Task inputs:
[Start of section]

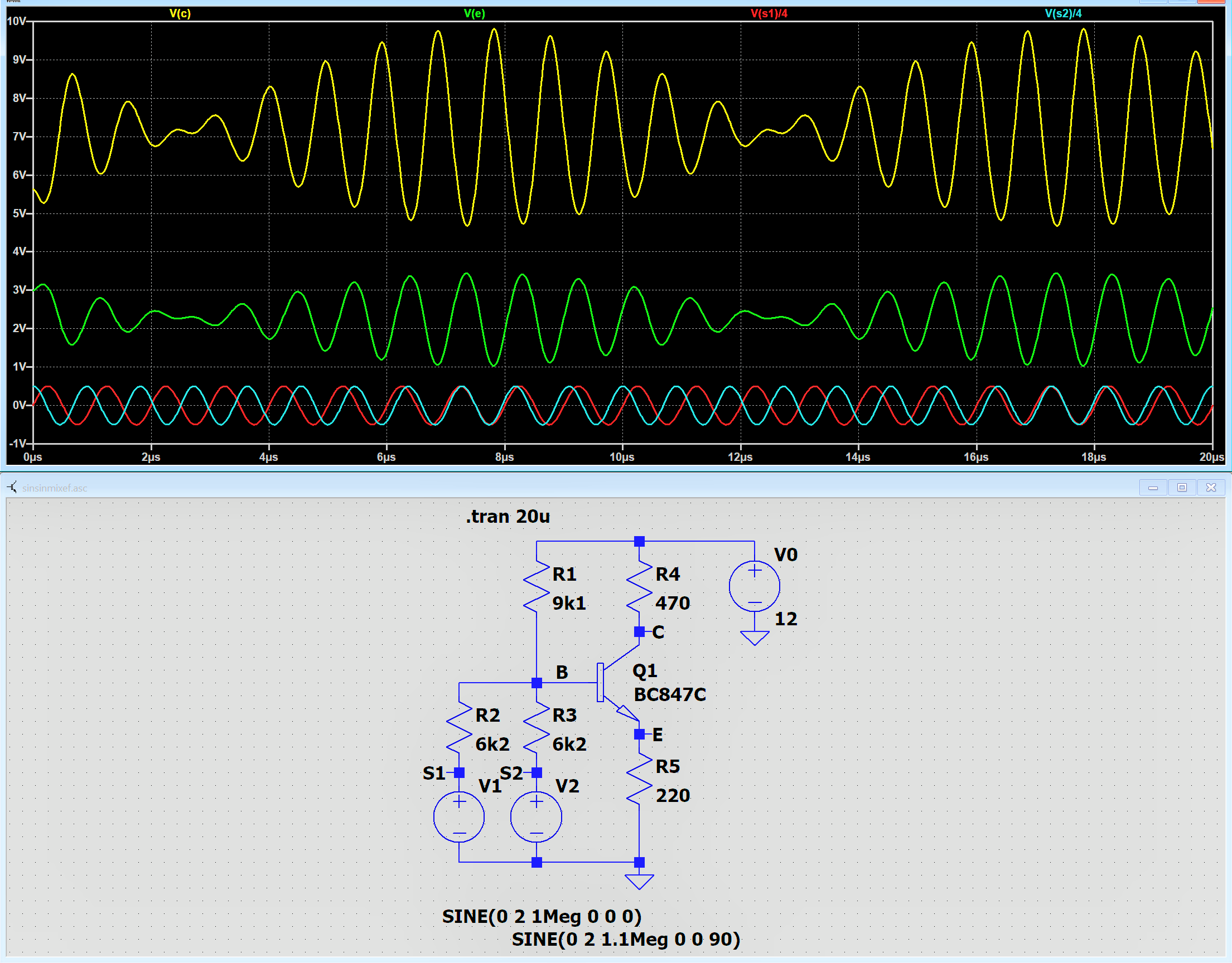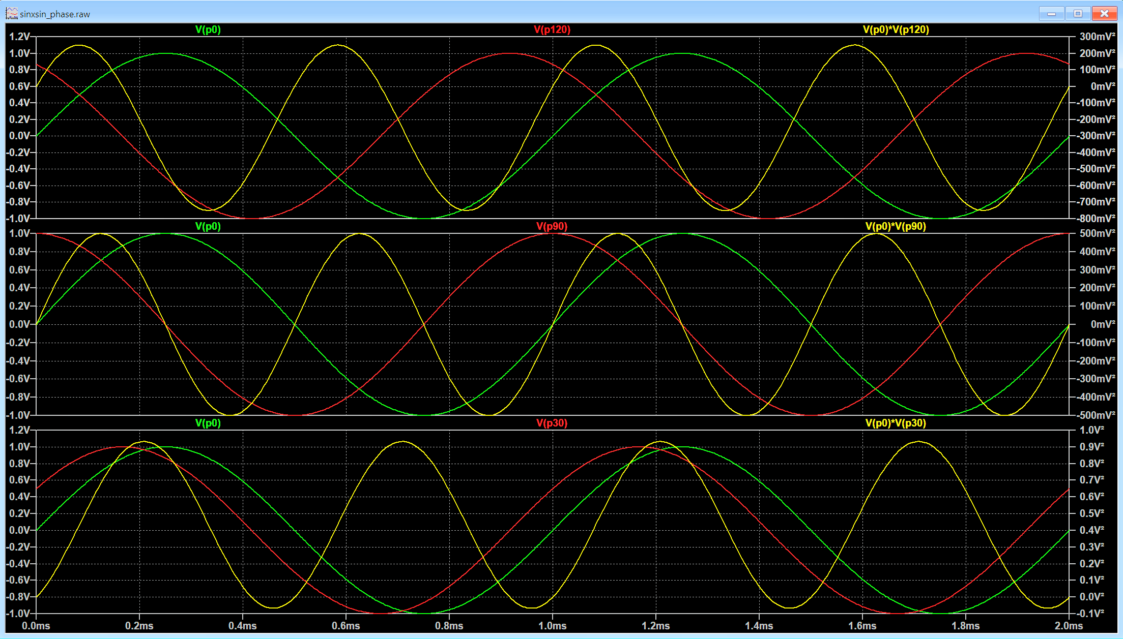 Vorstehend werden je zwei Sinus-Signale grün und rot mit gleicher Frequenz multiplikativ verknüpft (gelb). Die Phasenverschiebungen zwischen grün und rot betragen 120, 90 und 30 Grad. In allen Fällen hat die resultierende Mischspannung (gelb) die doppelte Frequenz (f1+f2). Bei 90° ist die Mischspannung symmetrisch um die 0-Linie herum. Bei 120° hat die Mischspannung einen negativen DC-Offset, bei 30° einen positiven DC-Offset. Die vertikalen Skalen rechts zeigen dies.
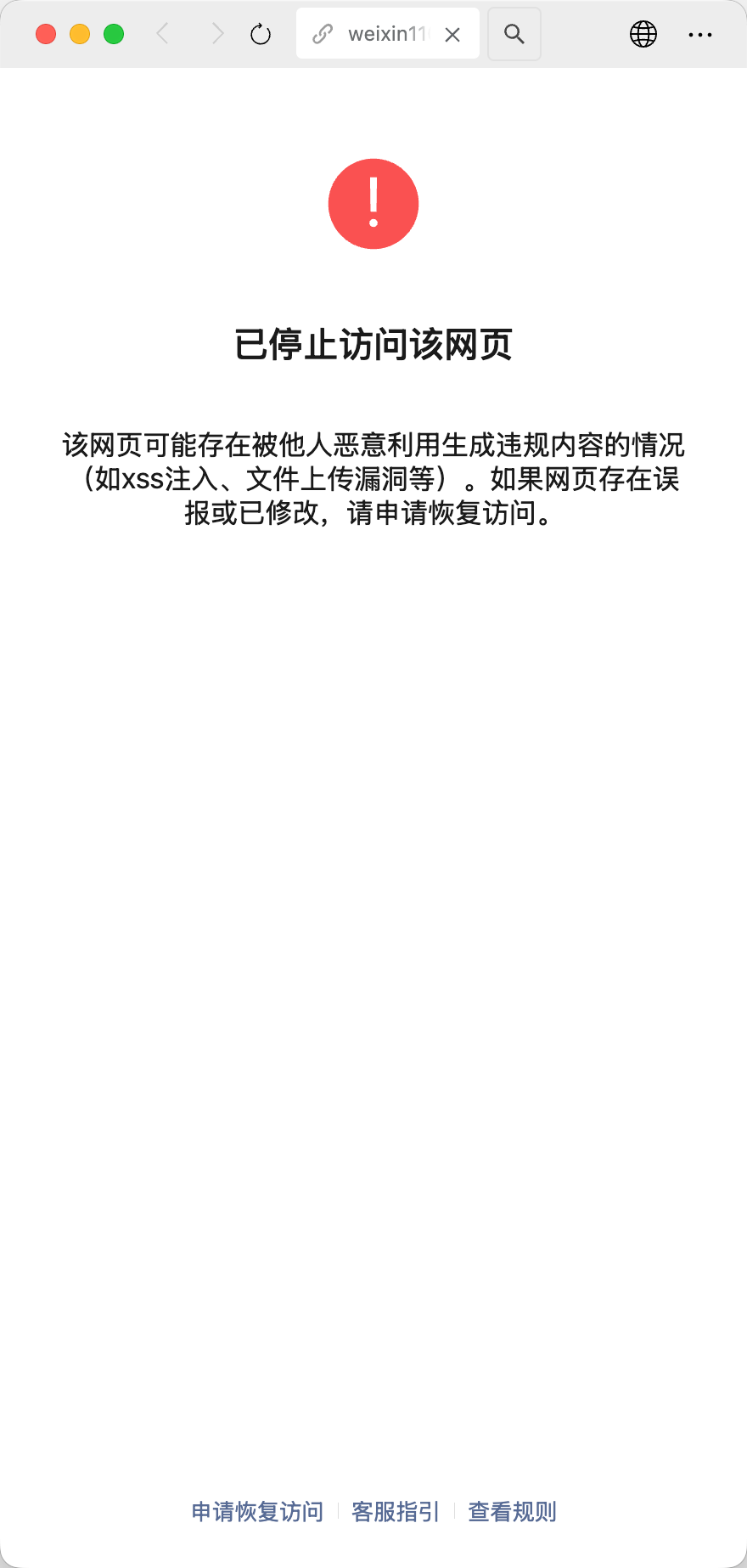 打开网页提示:该网页可能存在被他人恶意利用生成违规内容的情况(如xss注入、文件上传漏洞等)。如果网页存在误报或已修改,请申请恢复访问。
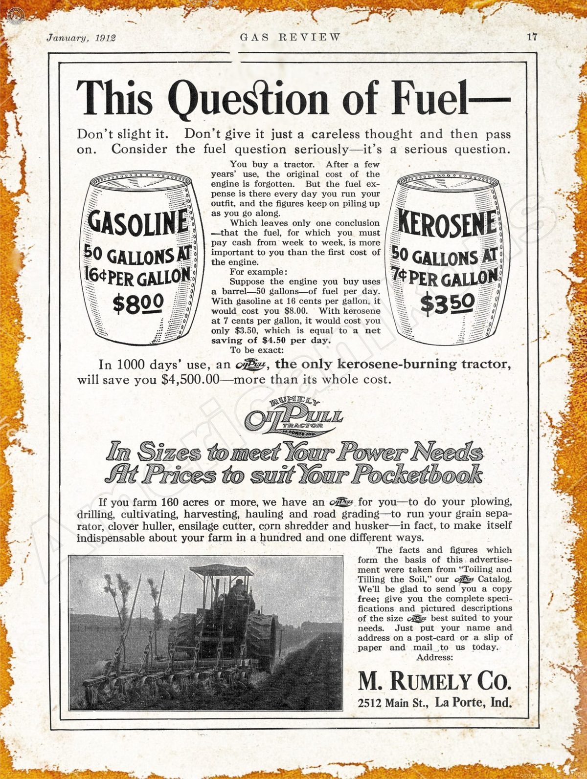 1912 Rumely Oil Pull Tractors Collectible New Metal Sign: Kerosene Power
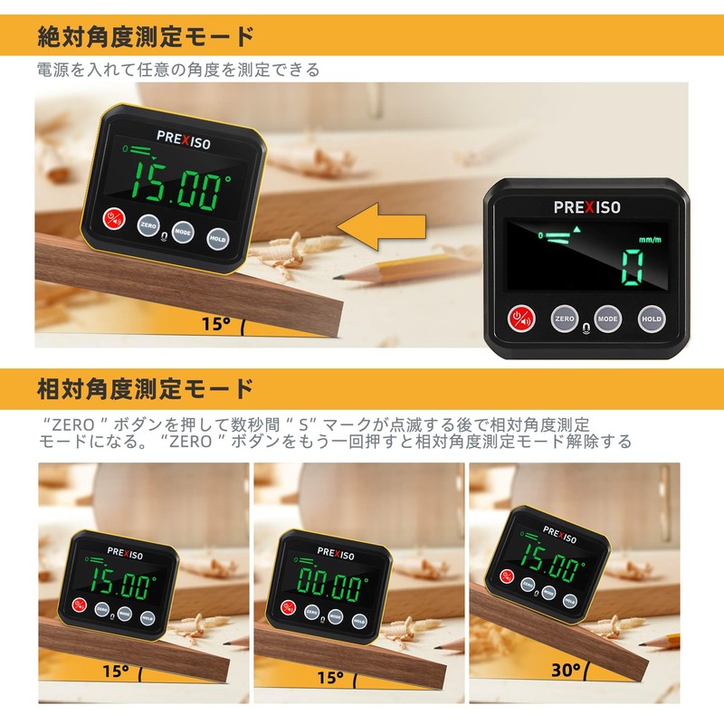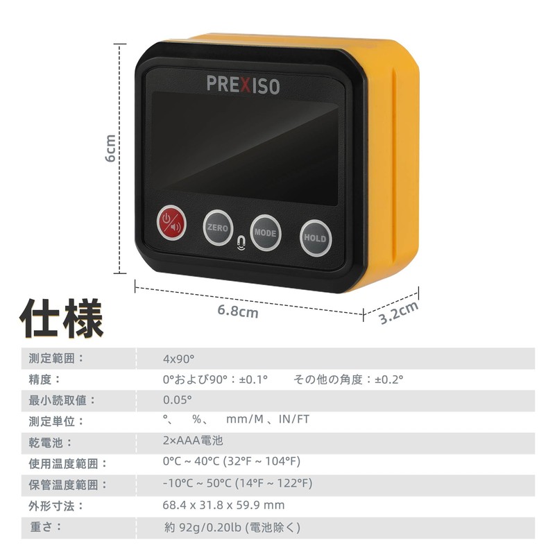 PREXISO Digital Angle Meter, Angle Meter, Inclinometer, Digital Level, Level Box, Level, LCD Display, 4 Units, Small, Storage Case, Construction, DIY, Lightweight, Easy to Operate, Japanese
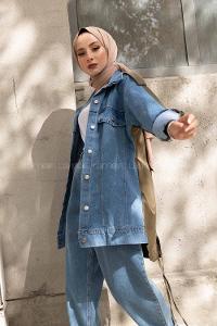 Lamelif Fleto Cepli Kot Ceket Kot Mavisi
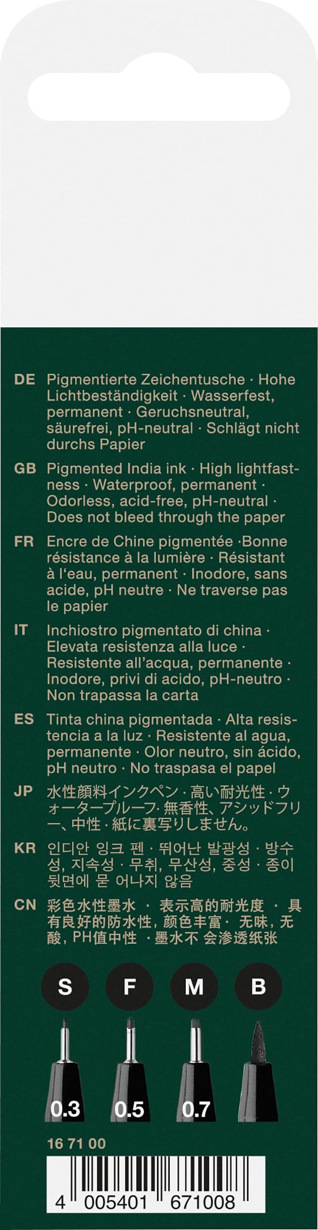 • PREMIUM QUALITY INK - Faber-Castell Pitt Pens feature the very best quality India Ink ink that is highly pigmented, lightfast, water and smudge resistant, permanent, odor free, acid-free and pH neutral

[End of section]

Work instructions:
Begin at the line with "PREXISO Digital Angle" and retype exactly every line through the last one of the entries above, both included, and nothing more; pictures stay out.

Solution to the exercise:
 PREXISO Digital Angle Meter, Angle Meter, Inclinometer, Digital Level, Level Box, Level, LCD Display, 4 Units, Small, Storage Case, Construction, DIY, Lightweight, Easy to Operate, Japanese
 Lamelif Fleto Cepli Kot Ceket Kot Mavisi
 • PREMIUM QUALITY INK - Faber-Castell Pitt Pens feature the very best quality India Ink ink that is highly pigmented, lightfast, water and smudge resistant, permanent, odor free, acid-free and pH neutral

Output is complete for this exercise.